A DNA-based method improves the accuracy of measuring electrical properties of single proteins by controlling their orientation.

## Contribution

A DNA origami platform enables reproducible single-protein electronic measurements with controlled orientation.

## Key findings

- Bivalently anchored thrombin shows reduced conductance variability compared to randomly adsorbed proteins.
- The platform detects subtle conductance changes in thrombin upon binding with Na+ or an inhibitor.
- The method is generalizable and works with proteins like streptavidin in complex mixtures.

## Abstract

Electronic transport properties of single proteins offer powerful insights into their structure and dynamics.
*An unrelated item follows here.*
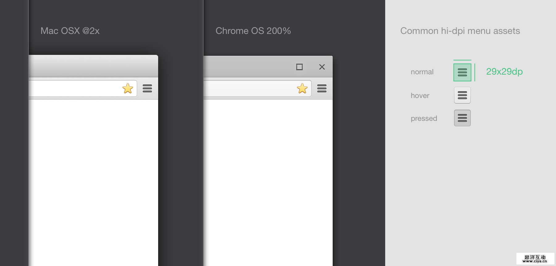 Chrome的工具栏按钮资源就是相似性最好的例子。我们在两个平台上使用完全相同按钮,即使代码不同,视觉上也是一样的。看下面这个chrome菜单按钮的例子。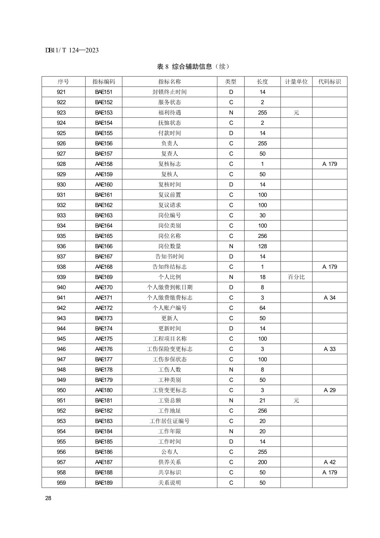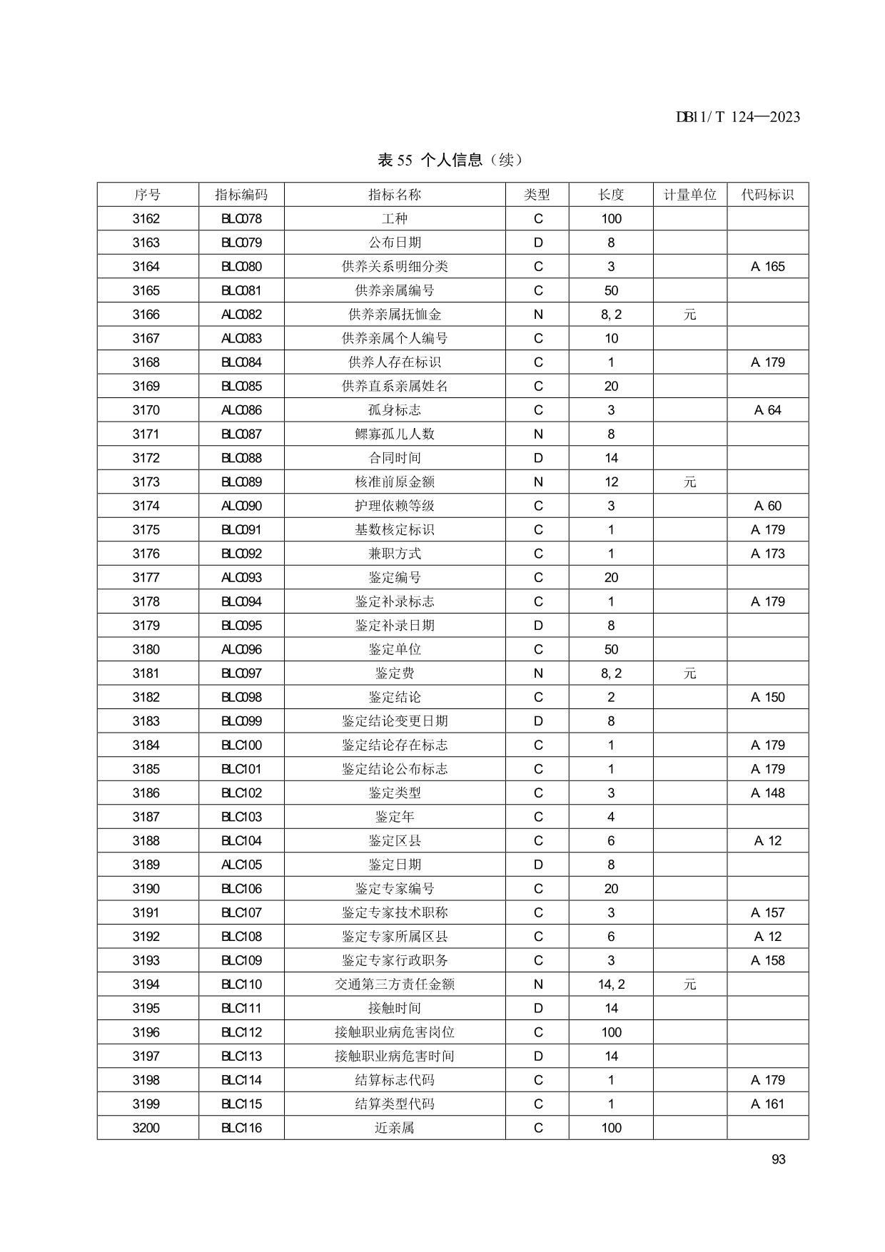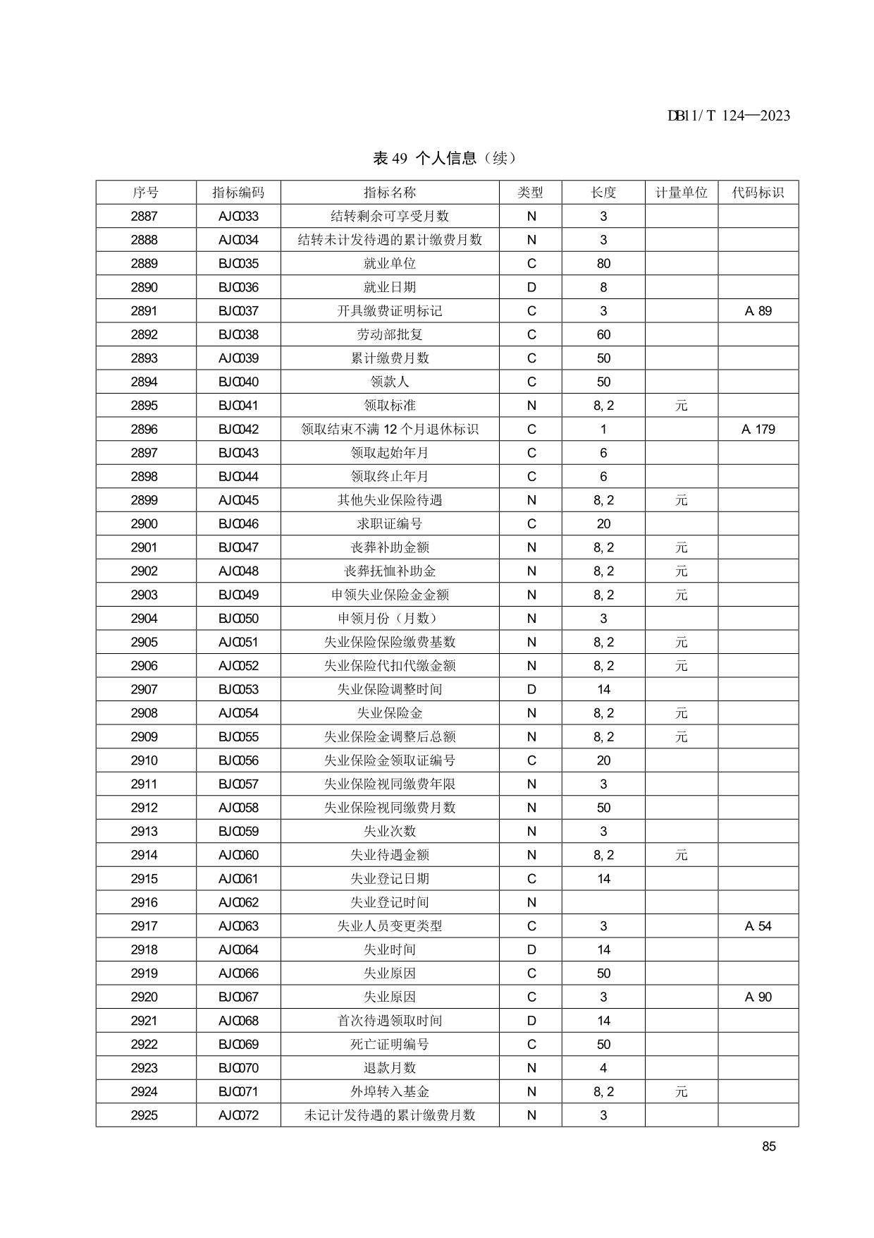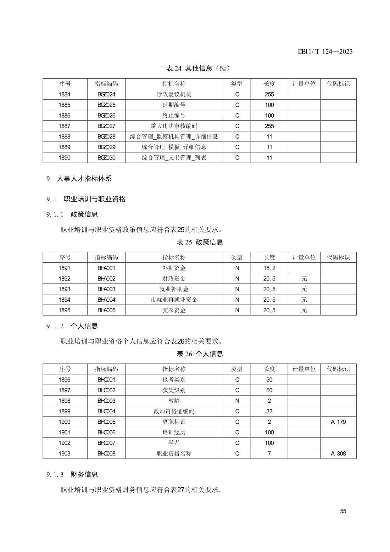 《人力资源和社会保障信息系统指标体系代码与数据结构》(DB11/T 124-2023)

However, the orientation variability of electrode‐attached protein molecules poses a big difficulty in achieving precise electric measurements and reliable data interpretation. Here, a DNA origami‐based method that promotes preferred orientations of target proteins is reported, enabling more reproducible single‐molecule electrical characterization. With two orthogonal DNA aptamers installed inside a DNA origami nanocavity, a thrombin protein can be captured with a prescribed orientation between a gold substrate and a conductive AFM tip. Matrix‐patterned I–V measurements reveal that bivalently anchored thrombin molecules exhibit significantly reduced conductance variability compared to randomly adsorbed ones. This critical progress then enables the detection of a subtle conductance change of thrombin upon binding with Na+ or an inhibitor molecule. The generalizability of this approach is showcased by further applying it to a streptavidin protein. Moreover, the platform allows for the selective recruitment and electrical readout of proteins from a mixed sample, demonstrating the feasibility of single‐entity measurements within a complex molecular environment. This work provides a versatile platform for protein‐electrode interfacing with deterministic molecular orientation control, highlighting the potential of DNA nanotechnology in single‐protein electronic measurements.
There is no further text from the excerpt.